There are a lot of particulars cited in the longer article itself. I recommend that you take a look. And also at the comments that follow.For generations in this country, there has been a sort of a gentleman's agreement in terms of what constituted professional behavior among journalists. And there has been a sense of shame when members crossed those lines into unprofessional behavior. Bosses chastened those employees, people were fired, and ethics panels were summarily convened to make certain the transgressions didn't happen again. Fox News, though, has walked away from all of that. And guess what? The rest of the press hasn't said boo.
That's been the sad case for years. (Playing dumb about Fox News' partisan pursuits now qualifies as a Beltway intramural sport.) Indeed, the loophole, or the caveat, to journalism's gentleman's agreement has always been that the guidelines were voluntary and self-policing. There was no governing body, either within journalism or without, that regulated the product. The only collective deterrent from producing bad journalism, aside from rather lax U.S. libel laws, is a collective sense of shame, a shared feeling that making a factual error -- or worse, purposefully pushing false information under the guise of journalism -- was both unprofessional and unacceptable.
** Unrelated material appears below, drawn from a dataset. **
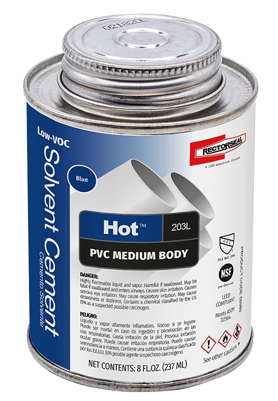 Rectorseal Hot 203L 55989 Medium Body Solvent Cement, 1/2 pt, Can, Liquid, Blue

But clearly, Fox News does not share that sense of shame, because it's not part of the larger journalism brotherhood. Fox News doesn't feel like rules such as fairness, accuracy, neutrality, and independence apply, which is obvious since Fox News breaks those rules with stunning regularity. In fact, its programming day seems designed to break the traditional rules ad nauseam. That's what it's built to do. And if nothing else, Fox News is ruthlessly efficient.